Pro Forma Revenue includes historical Software Products & Services revenue from the past six fiscal quarters of each of Veritone, Inc. and PandoLogic Ltd. (unaudited) and presents such revenue on a combined pro forma basis treating PandoLogic Ltd. as owned by Veritone, Inc. since January 1, 2021. Average Annual Revenue (AAR) is calculated as the aggregate of trailing twelve-month Software Products & Services Pro Forma Revenue divided by the average number of customers over the same period for both Veritone, Inc. and PandoLogic Ltd. Non-GAAP gross profit is defined as revenue less cost of revenue. Non-GAAP gross margin is defined as Non-GAAP gross profit divided by revenue. Non-GAAP net loss (pro forma) is the Company’s net loss excluding the items set forth below presented on a combined pro forma basis treating PandoLogic Ltd. as owned by Veritone, Inc. since January 1, 2021. Non-GAAP net income (loss) and Non-GAAP net income (loss) per share is the Company’s net income (loss) and net income (loss) per share, respectively, adjusted to exclude interest expense, provision for income taxes, depreciation expense, amortization expense, stock-based compensation expense, changes in fair value of warrant liability, changes in fair value of contingent consideration, a reserve for state sales taxes, charges related to a facility sublease, gain on sale of asset, warrant expense, acquisition and diligence costs, and severance and executive search costs. The items excluded from these non-GAAP financial measures, as well as a breakdown of GAAP net income (loss), non-GAAP net income (loss) and these excluded items between the Company’s Core Operations and Corporate, are detailed in the reconciliations included following the financial statements attached to this news release. In addition, following the financial statements attached to this news release, the Company has provided additional supplemental non-GAAP measures of operating expenses, loss from operations, other income (expense), net, and loss before income taxes, excluding the items excluded from non-GAAP net loss as noted above, and reconciling such non-GAAP measures to the most directly comparable GAAP measures.

The Company has provided these non-GAAP financial measures because management believes such information to be important supplemental measures of performance that are commonly used by securities analysts, investors and other interested parties in the evaluation of companies in its industry.
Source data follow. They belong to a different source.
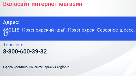 Велосайт, интернет-магазин по адресу 660118, Красноярский край, Красноярск, Северное шоссе, 17 в дальнейшем Организация, размещена в следующих категориях:
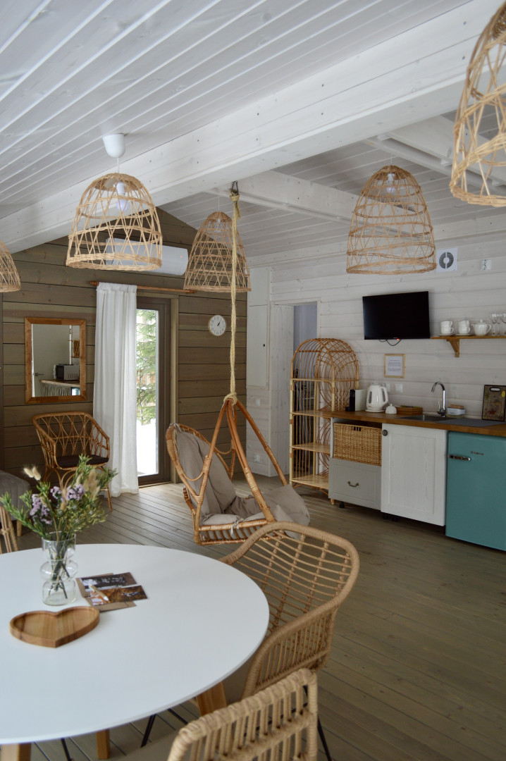 В коттедже: ванна, туалет, ТВ, холодильник, кондиционер, сейф, фен, мини-кухня, электрочайник, СВЧ-печь, двуспальная кровать, диван. Дом с особенной атмосферой, где хочется наслаждаться ароматом чая! Особенности номера: Панорамный дом с 1 спальной комнатой и гостиной-кухней.
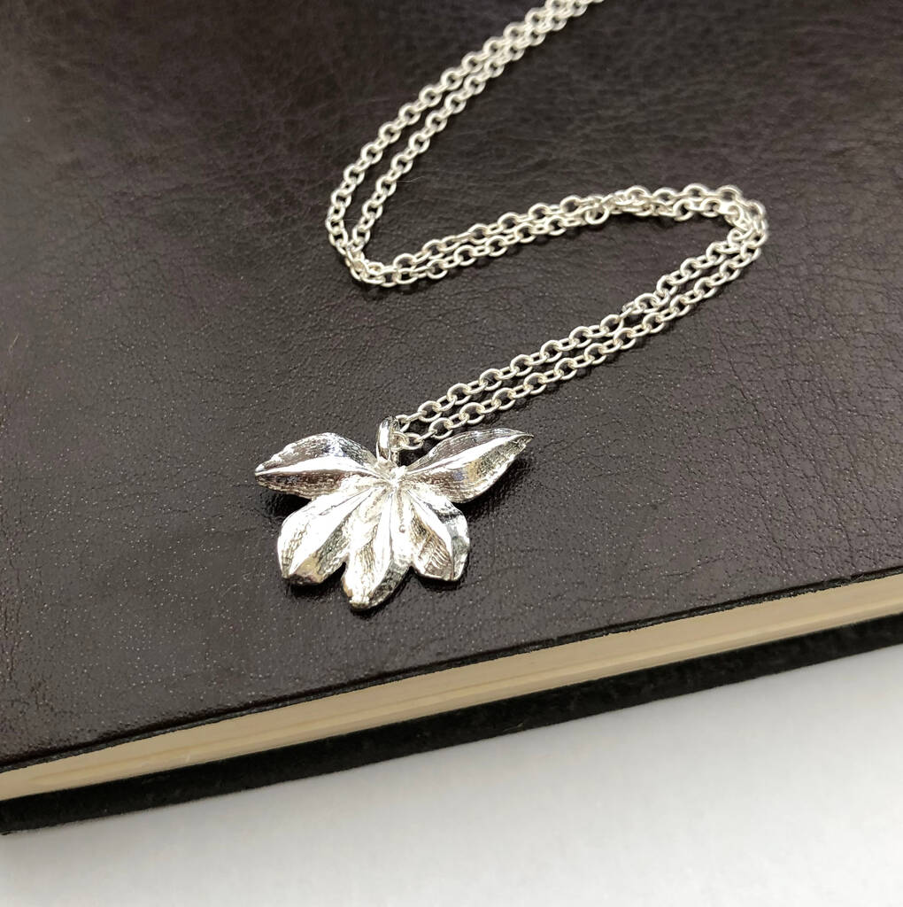 Bring a touch of nature’s quiet beauty to your jewellery collection with this Maple leaf necklace. Designed with simplicity and elegance in mind, the necklace captures the gentle charm of a falling autumn leaf. The finely shaped maple leaf pendant is handmade from sterling silver.

Management also uses this information internally for forecasting and budgeting.

These non-GAAP financial measures should not be considered as an alternative to revenue, net income (loss), operating income (loss) or any other financial measures so calculated and presented, nor as an alternative to cash flow from operating activities as a measure of liquidity. Other companies (including the Company’s competitors) may define these non-GAAP financial measures differently.

These non-GAAP financial measures may not be indicative of the historical operating results of Veritone or predictive of potential future results. Investors should not consider these non-GAAP financial measures in isolation or as a substitute for analysis of the Company’s results as reported in accordance with GAAP.

In addition, the Company defines the following capitalized terms in this news release as follows:

Core Operations consists of the Company’s aiWARE operating platform of software, SaaS and related services; content licensing and advertising agency services; and their supporting operations, including direct costs of sales as well as operating expenses for sales, marketing and product development and certain general and administrative costs dedicated to these operations.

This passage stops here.